Orchestra Drawing School
For the past four years instrumental lessons have been running in the school under the guidance of Mr. Byrne. Over this period an average of about forty people have been taking lessons, although this number has varied over the four years.

Vacancies exist for tuition on the following instruments:- flute, oboe, bassoon, horn, violin, viola, cello, bass, and pianists, of Grade Ill or upwards, would be welcome in the percussion section. Lessons may be arranged through the Director Of Music for a weekly subscription of 25p to the Lesson Fund. The eight teachers mentioned above put in a normal minimum of eighteen hours a week teaching a current total of about forty pupils.

In March sixteen boys took Graded instrumental examinations of the Associated Board of the Royal Schools of Music. Of these, two passed with Distinction and six with Credit, being slightly higher in standard, and slightly less nervous on the day, than the other eight who all achieved results not to be scoffed at. Most of the forty pupils have at some time or another passed graded examinations ranging between Grades I and VI, out of the possible range of Grade I to VIll.

To emphasise the high standard attained by members of the orchestra, apart from the Christmas Carol services of the past, with two choirs, one of fifty and one of thirty-five boys, the orchestra, organ, congregation and soloists, members of the orchestra have played elsewhere - eight brass players formed the stage band for the Cecilian Players' production of Gilbert and Sullivan's "Iolanthe" at the Questors Theatre, Ealing; four woodwind and four brass instrumentalists joined the Cecilian Players choir and our own school choir at the Questors Theatre just before Christmas 1970 for a carol concert; the music from the original National Theatre production of "Royal Hunt of the Sun" was played for the school product ion; music was provided for the school's production of "Oh! What a Lovely War" at Easter 1971, as well as for the rehearsals; and Michael Glover played second horn, amongst an orchestra of professional musicians, in the school production of "H. M.S. Pinafore".

Over the past four years, at a glance, I found a total of 1,560 which had been spent on instruments by parents, normally only too keen to encourage a constructive hobby. The real total, including tuition costs, is believed to be between 2,500 and 3,000. This is a very impressive figure when compared with the Council grant towards musical instruments which was raised in 1970 to a total of 600 a year to be divided between 97 primary and 20 secondary schools, under 6 per year per school.

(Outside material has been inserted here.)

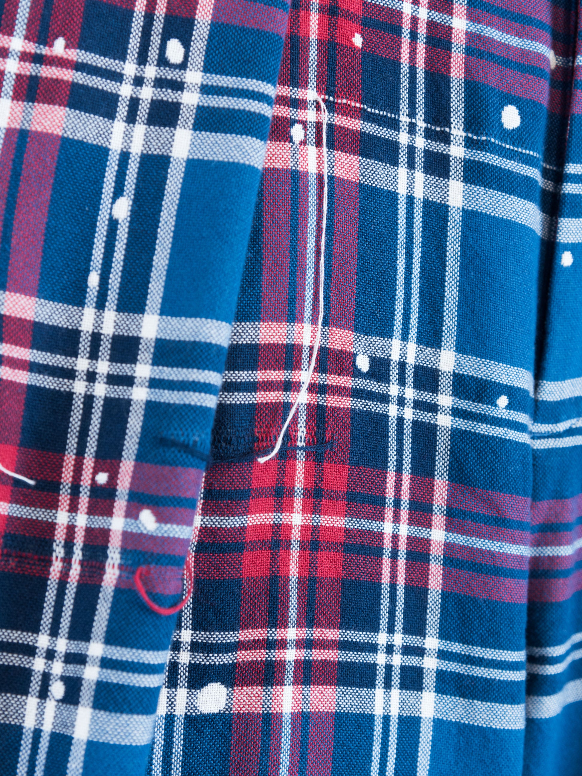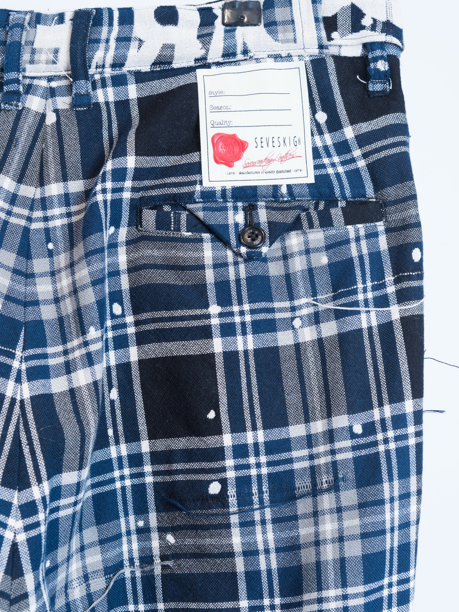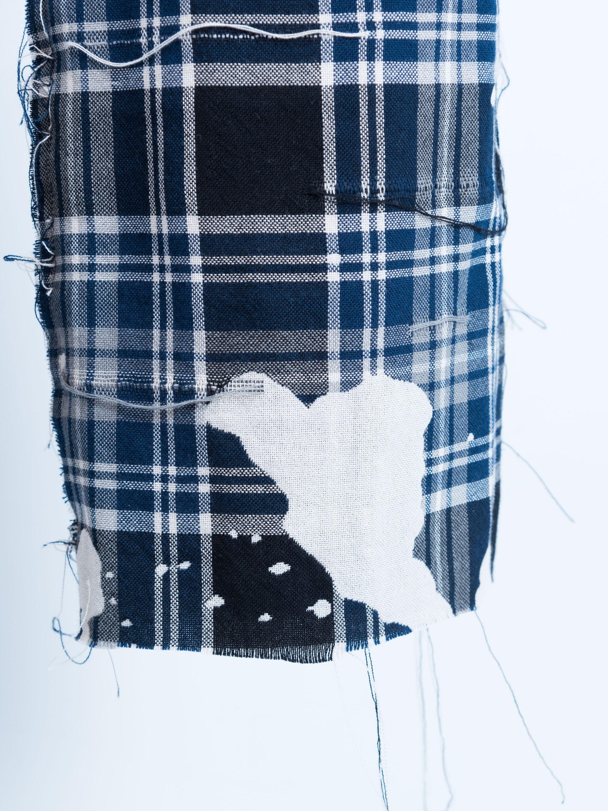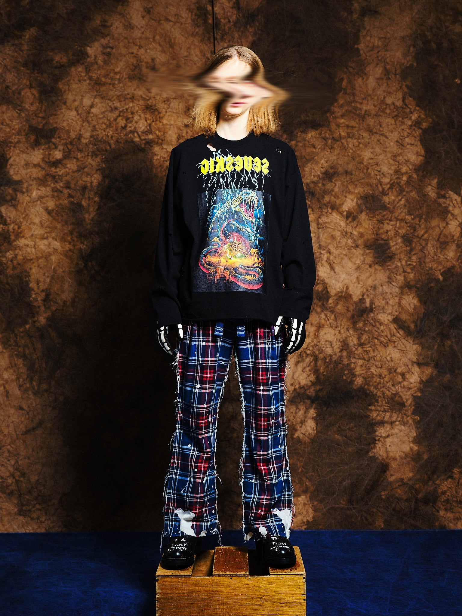 夢の中で物事が溶け出すようなイメージをデザインに取り入れたチェック柄が特徴のスラックスタイプのイージーパンツ。
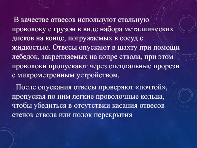 набора металлических дисков на конце, погружаемых в сосуд с жидкостью. Отвесы опускают в шахту при помощи лебедок, закрепляемых на копре ствола, при этом проволоки пропускают через специальные прорези с микрометренным устройством.

The school orchestra has, for the past two years, been meeting every Monday evening from 4.00-5.30. Small, ad hoc ensembles meet from time to time for mutual enjoyment and it is hoped that as they progress more such activities will be heard.

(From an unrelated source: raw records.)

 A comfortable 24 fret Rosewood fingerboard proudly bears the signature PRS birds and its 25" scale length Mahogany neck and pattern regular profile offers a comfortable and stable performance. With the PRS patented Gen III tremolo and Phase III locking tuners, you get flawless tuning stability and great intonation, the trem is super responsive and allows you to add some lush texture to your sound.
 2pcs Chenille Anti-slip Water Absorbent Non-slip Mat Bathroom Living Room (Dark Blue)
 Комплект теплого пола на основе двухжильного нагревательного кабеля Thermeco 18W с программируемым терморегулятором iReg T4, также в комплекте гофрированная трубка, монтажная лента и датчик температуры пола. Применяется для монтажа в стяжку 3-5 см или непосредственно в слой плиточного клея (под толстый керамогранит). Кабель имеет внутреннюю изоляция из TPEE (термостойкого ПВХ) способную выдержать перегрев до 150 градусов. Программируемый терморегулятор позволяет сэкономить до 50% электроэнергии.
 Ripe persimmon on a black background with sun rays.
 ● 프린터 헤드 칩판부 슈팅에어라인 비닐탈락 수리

All of this is due to the efforts of Mr. Byrne who is always willing to guide, advise and coach us. He would also be only too pleased, I imagine to add to the numbers of those seeking his time and assistance.

P. Rodger

Note from the Director of Music:
The writer of the above was too modest to mention the fact that Michael Bennett and himself rehearsed and performed the music for the production.